**Records for processing**
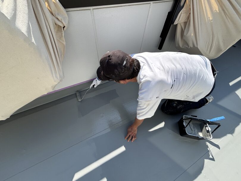 マルミ美装工芸では、塩ビシート防水の点検からトップコートの塗装まで対応しています。
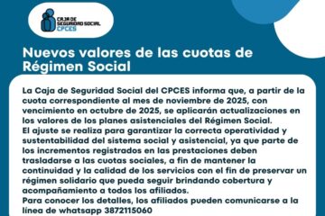 La Caja de Seguridad Social del Consejo Profesional de Ciencias Económicas de Salta informa a sus afiliados que, debido la morosidad en el pago de las cuotas y a los fines de seguir fortaleciendo el sistema jubilatorio, se iniciarán acciones de cobranzas legales tendientes a regularizar dichas deudas. Recordamos que Leer más…
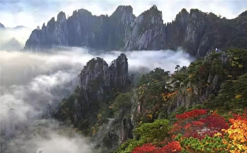 黄山的秋季,别有种种胜景。秋高气清,白云碧汉,丹枫似火,草深果黄。明代大旅行家徐霞客也因此赞赏黄山秋景:枫林相间,五色纷披,灿若图绣。黄山的秋天,还因为林茂色鲜,鸟语花香,生气盎然。竟是秋天里的春天。令常见的悲秋之情为之一扫。
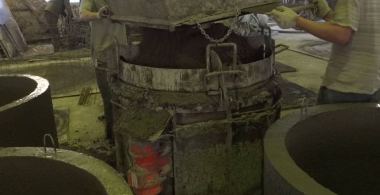 Pour la fabrication d'anneaux de puits, le béton de qualité M200 est utilisé.Ses composants sont le ciment, le sable, la pierre concassée et l'eau. Pour améliorer les caractéristiques de résistance, un renfort en acier est installé dans le moule
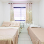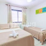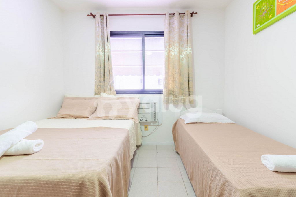 Quarto 1 (Superior): 1 cama casal, 1 cama solteiro, ar condicionado tipo janela, ventilador, cortina blackout e armários;

**About this exercise**
Return every entry word for word, leaving the pictures out.

**Solved exercise**
 マルミ美装工芸では、塩ビシート防水の点検からトップコートの塗装まで対応しています。
 La Caja de Seguridad Social del Consejo Profesional de Ciencias Económicas de Salta informa a sus afiliados que, debido la morosidad en el pago de las cuotas y a los fines de seguir fortaleciendo el sistema jubilatorio, se iniciarán acciones de cobranzas legales tendientes a regularizar dichas deudas. Recordamos que Leer más…
 黄山的秋季,别有种种胜景。秋高气清,白云碧汉,丹枫似火,草深果黄。明代大旅行家徐霞客也因此赞赏黄山秋景:枫林相间,五色纷披,灿若图绣。黄山的秋天,还因为林茂色鲜,鸟语花香,生气盎然。竟是秋天里的春天。令常见的悲秋之情为之一扫。
 Pour la fabrication d'anneaux de puits, le béton de qualité M200 est utilisé.Ses composants sont le ciment, le sable, la pierre concassée et l'eau. Pour améliorer les caractéristiques de résistance, un renfort en acier est installé dans le moule
 Quarto 1 (Superior): 1 cama casal, 1 cama solteiro, ar condicionado tipo janela, ventilador, cortina blackout e armários;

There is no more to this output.